RECORDS SUPPLIED below:

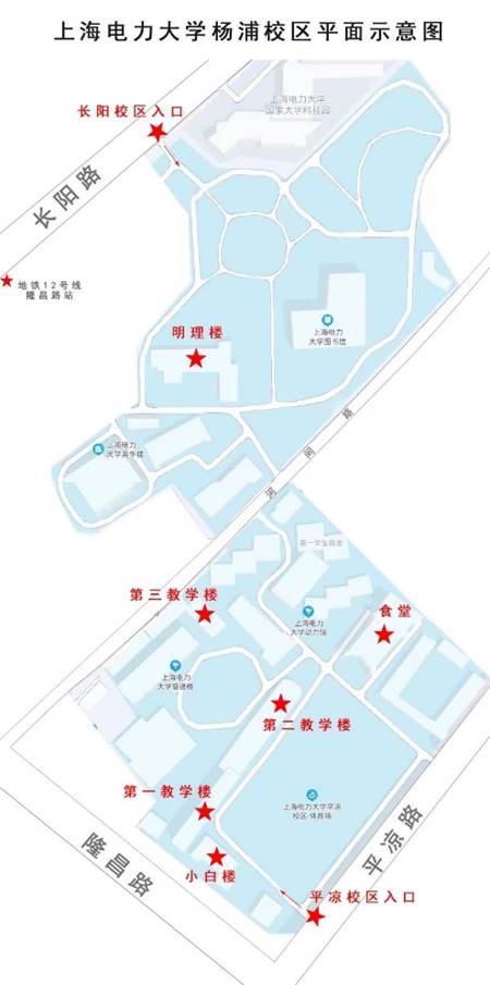 长阳校区考场:明理楼,入口为西北门(长阳路2588号)。
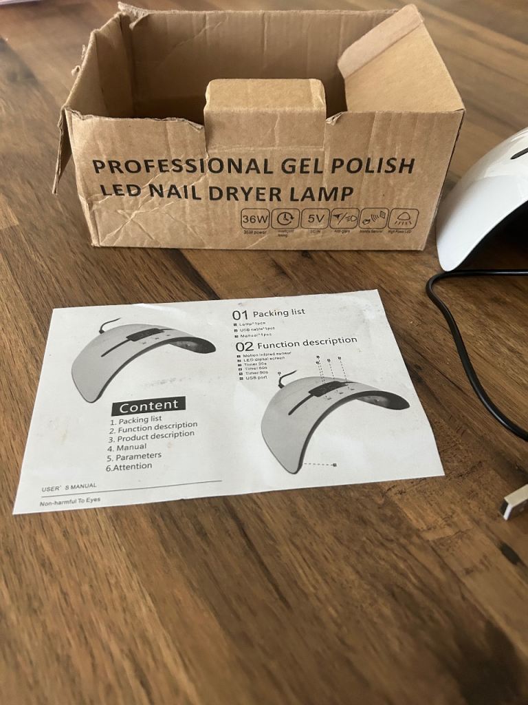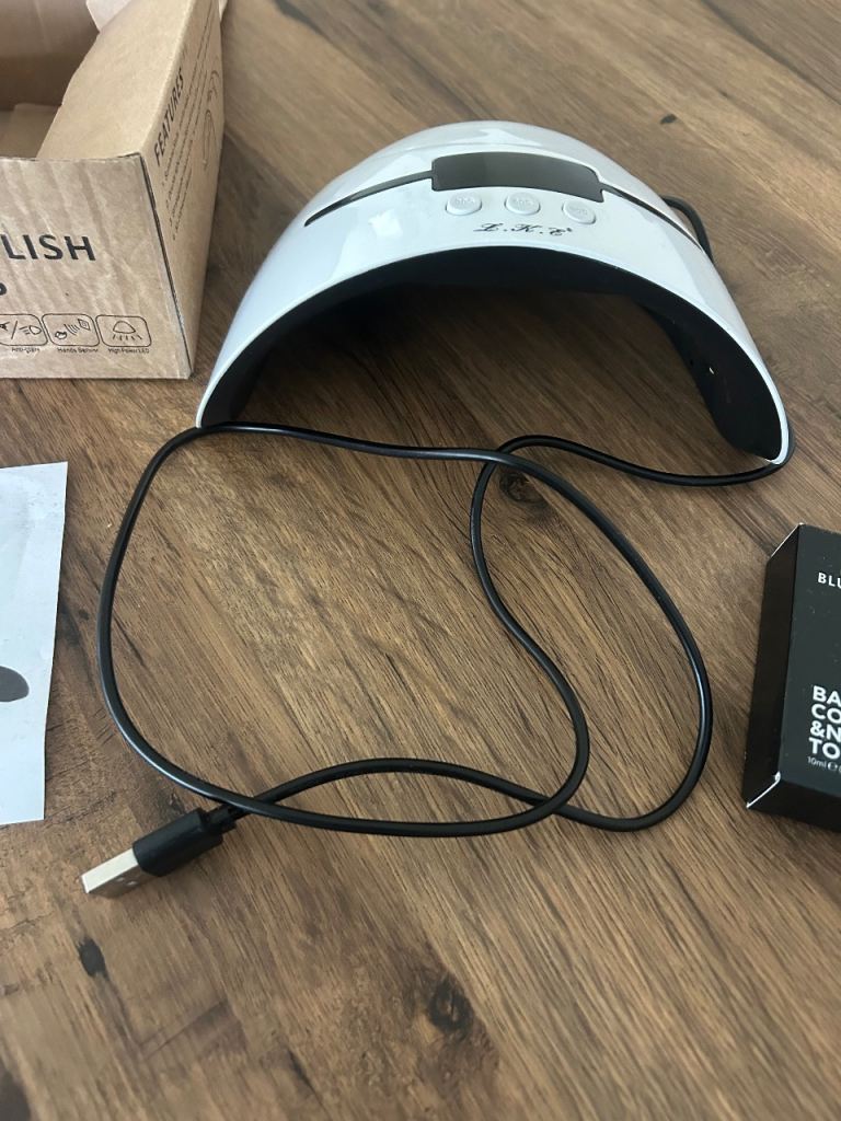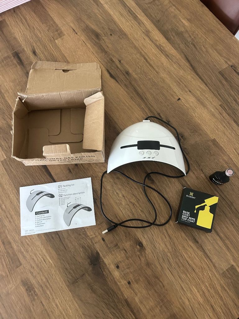 Nail lamp, Base coat, top coat and nail polish part used but still plenty left. Also advertised on other sites
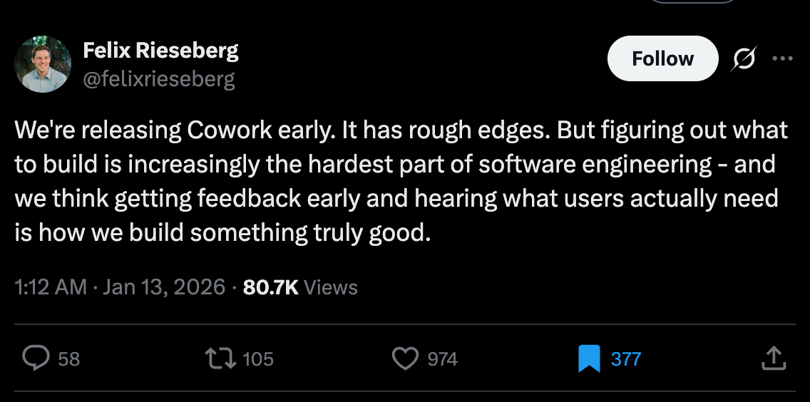 The new product is a fine example of Anthropic doing what top product teams do in 2026. They shipped a product (Claude Code), realised that non-engineers found value in it and used that data to inform an entirely experimental new sub-product with Claude Cowork that takes the utility of Code but repackages it into something that is more suitable to its new user segment.
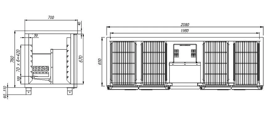 Стол холодильный Полюс T70 M4-1 9006 (4GN/NT) имеет несколько основных назначений - охлаждение и хранение продуктов питания внутри охлаждаемых объемов, нарезка и приготовление гастрономических изысков и блюд на нержавеющей поверхности холодильного стола, а также можно устанавливать на его поверхность технологическое и барное оборудование. Корпус является цельнозаливным со столешницей из стали, толщина металла 50 мм, снабжен динамической системой охлаждения с LED подсветкой.
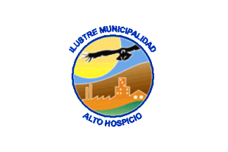 At the official website, you can see the mayor near a white flag with a modern seal and blue letters around it. At the bottom you can read Alto Hospicio, and one can can guess that at the top is written "Ilustre municipalidad."
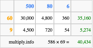 Finally, we add up all the sums we found in step 3 to get our final answer to 586 times 69.
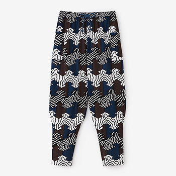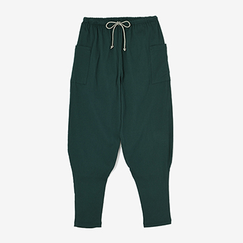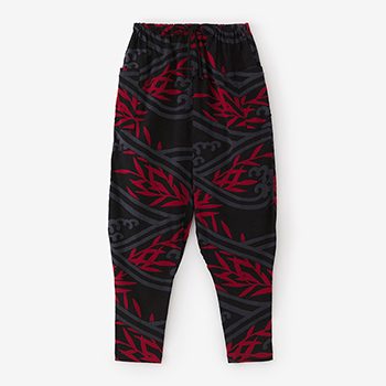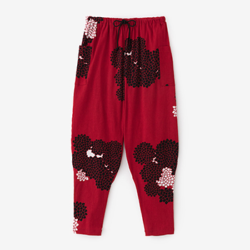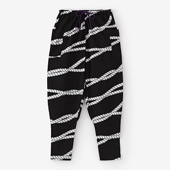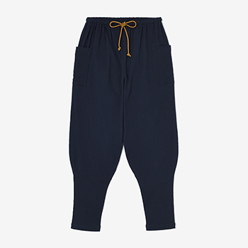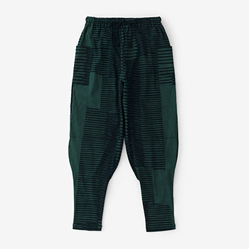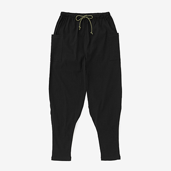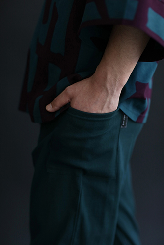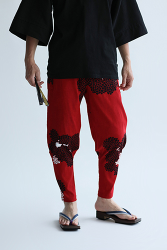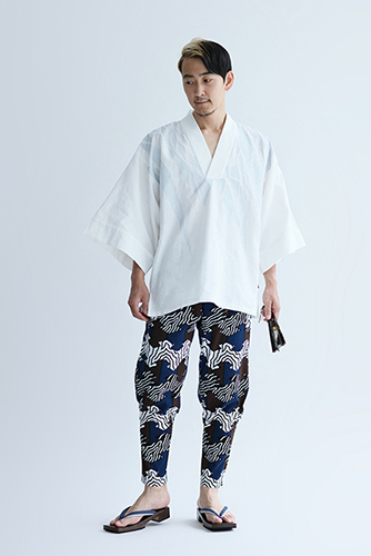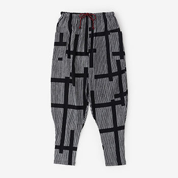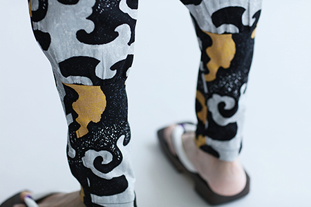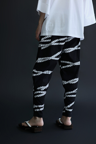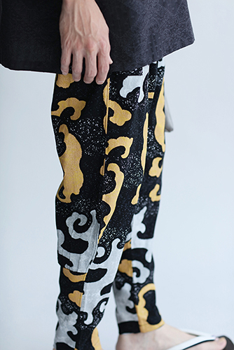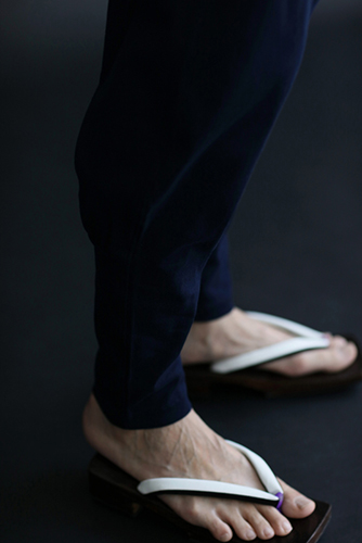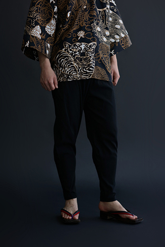 「裁付(ひざ下部分を紐で絞った袴)」に似たシルエットのズボン。爽快な着心地の高島縮を使用。
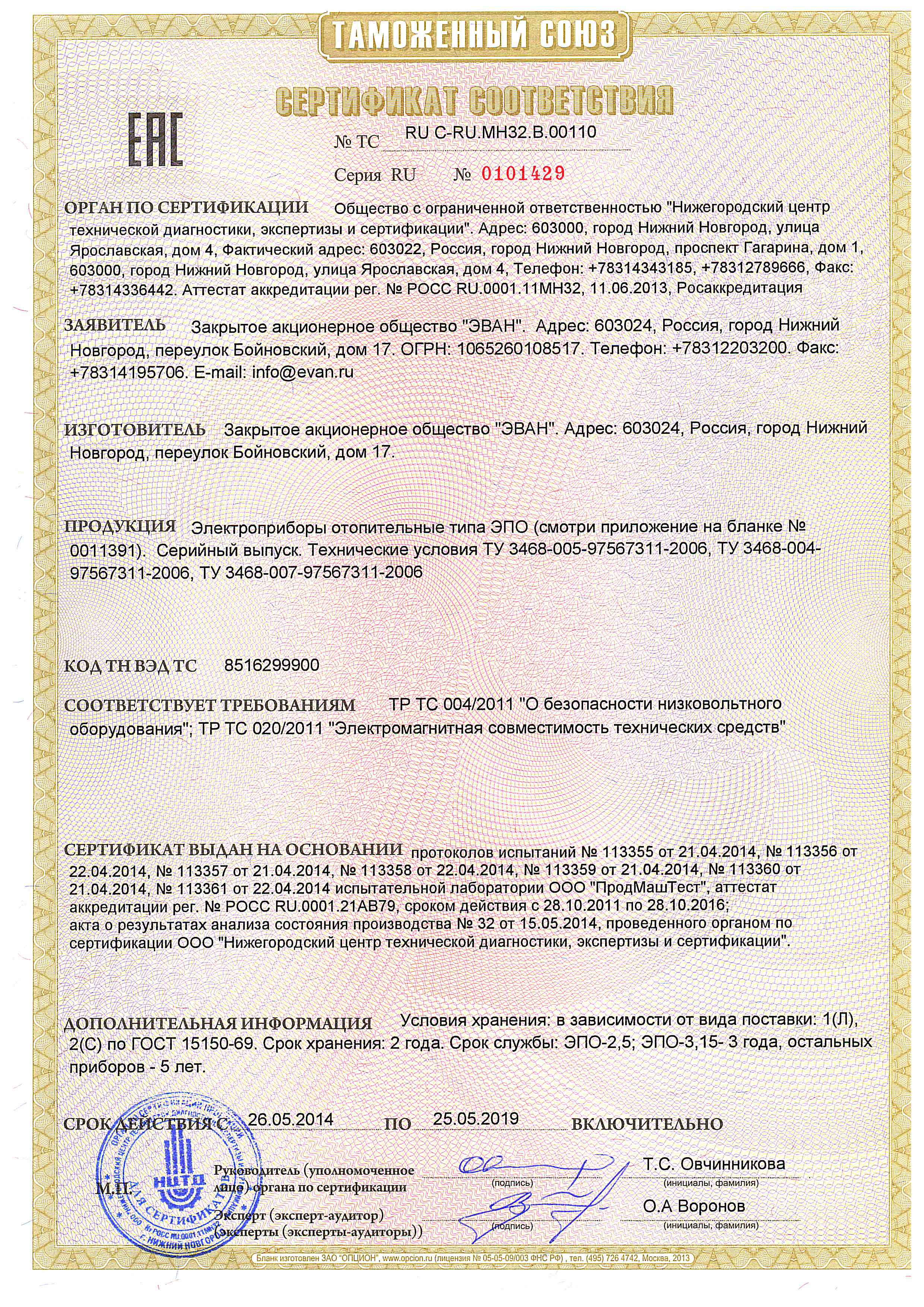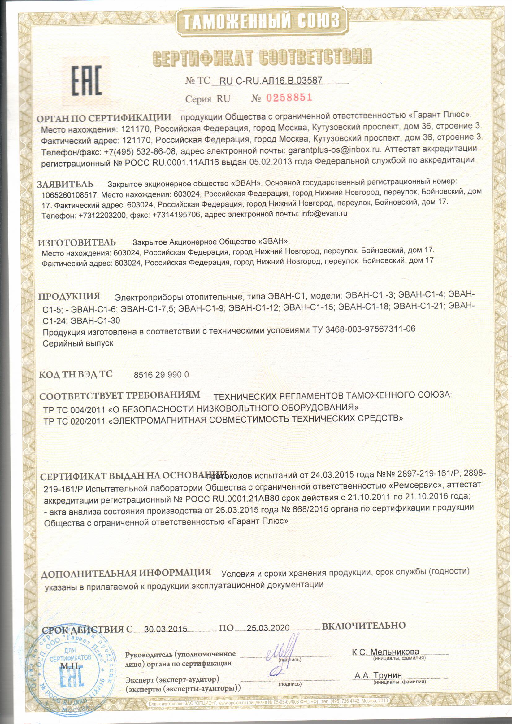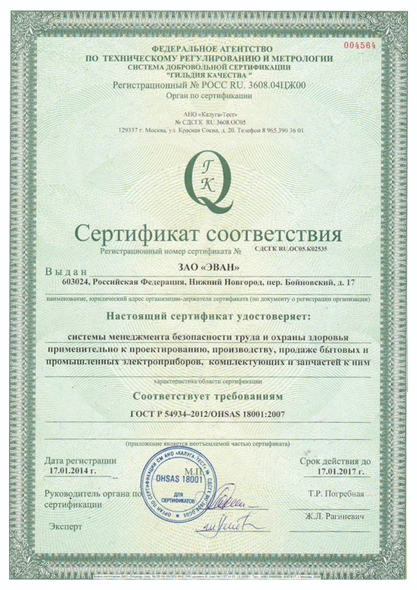 Лицензии и сертификаты компании Эван

End of RECORDS SUPPLIED.

Exact copies of all the entries are needed; output them without the pictures.

** TASK OUTPUT **
 长阳校区考场:明理楼,入口为西北门(长阳路2588号)。
 Nail lamp, Base coat, top coat and nail polish part used but still plenty left. Also advertised on other sites
 The new product is a fine example of Anthropic doing what top product teams do in 2026. They shipped a product (Claude Code), realised that non-engineers found value in it and used that data to inform an entirely experimental new sub-product with Claude Cowork that takes the utility of Code but repackages it into something that is more suitable to its new user segment.
 Стол холодильный Полюс T70 M4-1 9006 (4GN/NT) имеет несколько основных назначений - охлаждение и хранение продуктов питания внутри охлаждаемых объемов, нарезка и приготовление гастрономических изысков и блюд на нержавеющей поверхности холодильного стола, а также можно устанавливать на его поверхность технологическое и барное оборудование. Корпус является цельнозаливным со столешницей из стали, толщина металла 50 мм, снабжен динамической системой охлаждения с LED подсветкой.
 At the official website, you can see the mayor near a white flag with a modern seal and blue letters around it. At the bottom you can read Alto Hospicio, and one can can guess that at the top is written "Ilustre municipalidad."
 Finally, we add up all the sums we found in step 3 to get our final answer to 586 times 69.
 「裁付(ひざ下部分を紐で絞った袴)」に似たシルエットのズボン。爽快な着心地の高島縮を使用。
 Лицензии и сертификаты компании Эван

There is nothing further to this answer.